» **Information supplied**

%%

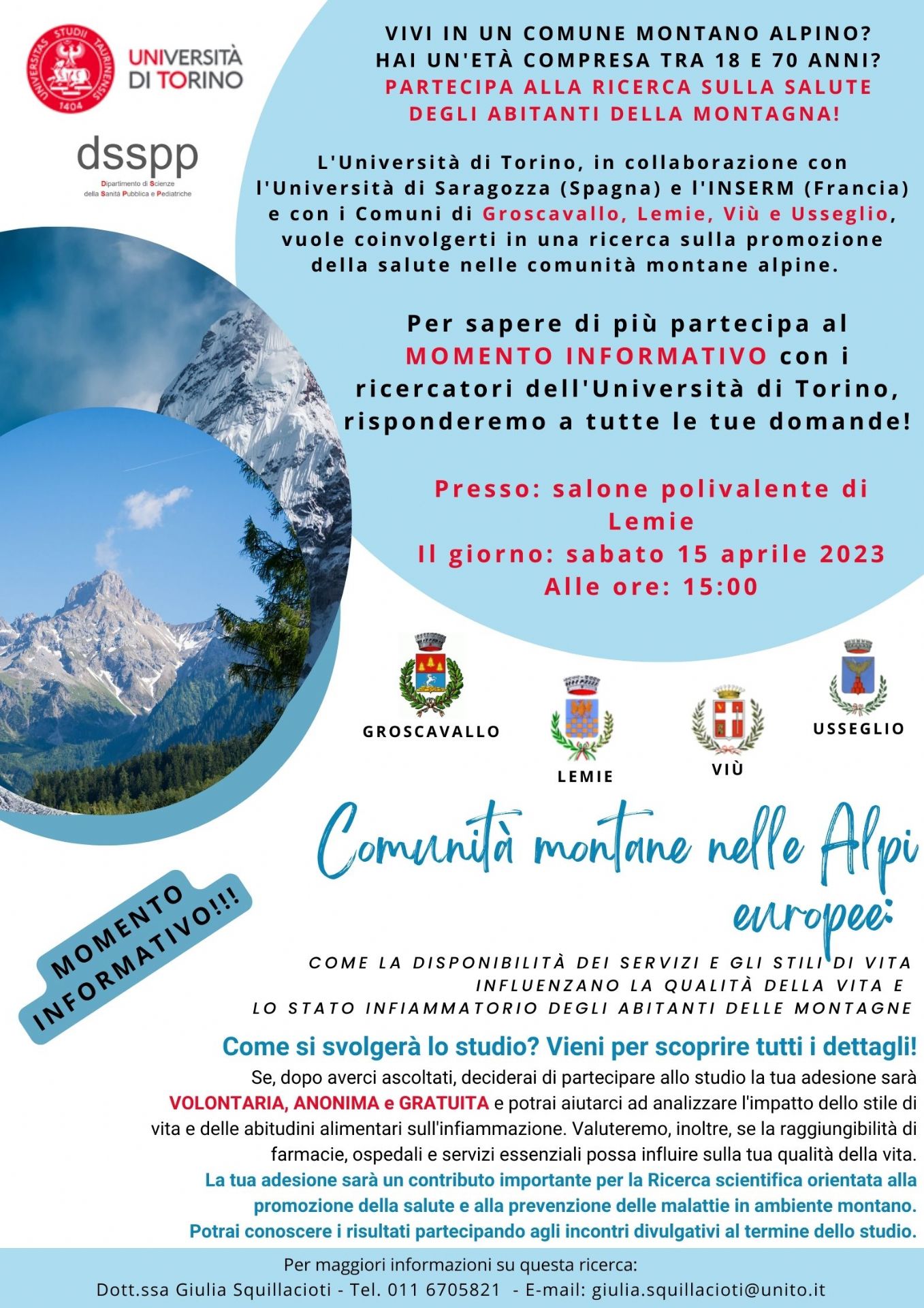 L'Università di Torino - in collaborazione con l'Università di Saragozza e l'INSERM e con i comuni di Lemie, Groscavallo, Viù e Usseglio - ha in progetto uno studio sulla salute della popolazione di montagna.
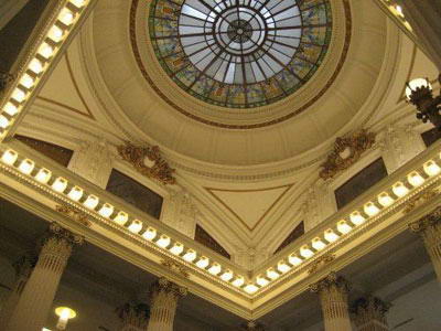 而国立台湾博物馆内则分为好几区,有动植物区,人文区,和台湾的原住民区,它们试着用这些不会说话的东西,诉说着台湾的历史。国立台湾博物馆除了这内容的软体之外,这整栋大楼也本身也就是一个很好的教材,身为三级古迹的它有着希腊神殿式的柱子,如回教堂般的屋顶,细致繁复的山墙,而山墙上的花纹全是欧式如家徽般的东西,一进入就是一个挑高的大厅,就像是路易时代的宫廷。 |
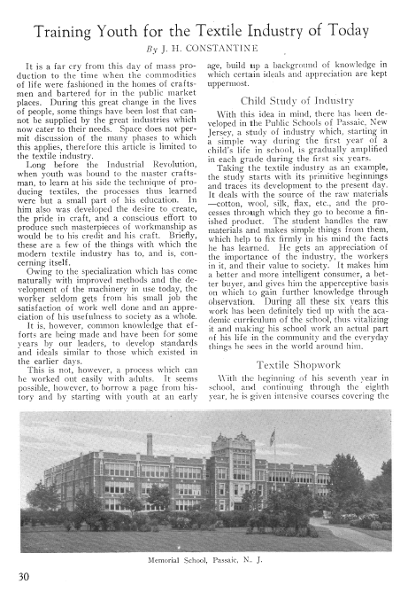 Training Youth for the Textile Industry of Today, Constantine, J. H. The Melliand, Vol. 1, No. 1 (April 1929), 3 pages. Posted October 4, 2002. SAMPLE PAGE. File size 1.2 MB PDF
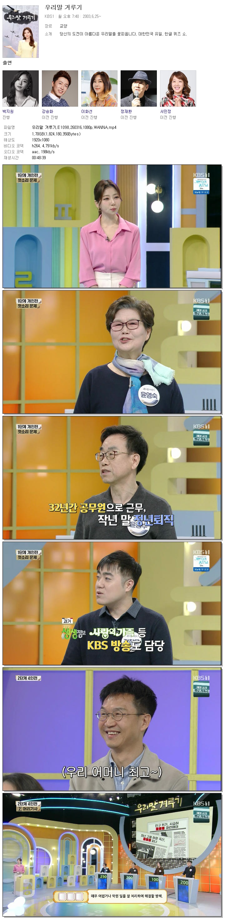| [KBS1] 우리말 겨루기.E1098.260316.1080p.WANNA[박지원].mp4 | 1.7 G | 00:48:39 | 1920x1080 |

%%

» **How to complete this task**
Only the listing above, set down exactly and without pictures, belongs in the answer.

» **Answer box**
 L'Università di Torino - in collaborazione con l'Università di Saragozza e l'INSERM e con i comuni di Lemie, Groscavallo, Viù e Usseglio - ha in progetto uno studio sulla salute della popolazione di montagna.
 而国立台湾博物馆内则分为好几区,有动植物区,人文区,和台湾的原住民区,它们试着用这些不会说话的东西,诉说着台湾的历史。国立台湾博物馆除了这内容的软体之外,这整栋大楼也本身也就是一个很好的教材,身为三级古迹的它有着希腊神殿式的柱子,如回教堂般的屋顶,细致繁复的山墙,而山墙上的花纹全是欧式如家徽般的东西,一进入就是一个挑高的大厅,就像是路易时代的宫廷。 |
 Training Youth for the Textile Industry of Today, Constantine, J. H. The Melliand, Vol. 1, No. 1 (April 1929), 3 pages. Posted October 4, 2002. SAMPLE PAGE. File size 1.2 MB PDF
| [KBS1] 우리말 겨루기.E1098.260316.1080p.WANNA[박지원].mp4 | 1.7 G | 00:48:39 | 1920x1080 |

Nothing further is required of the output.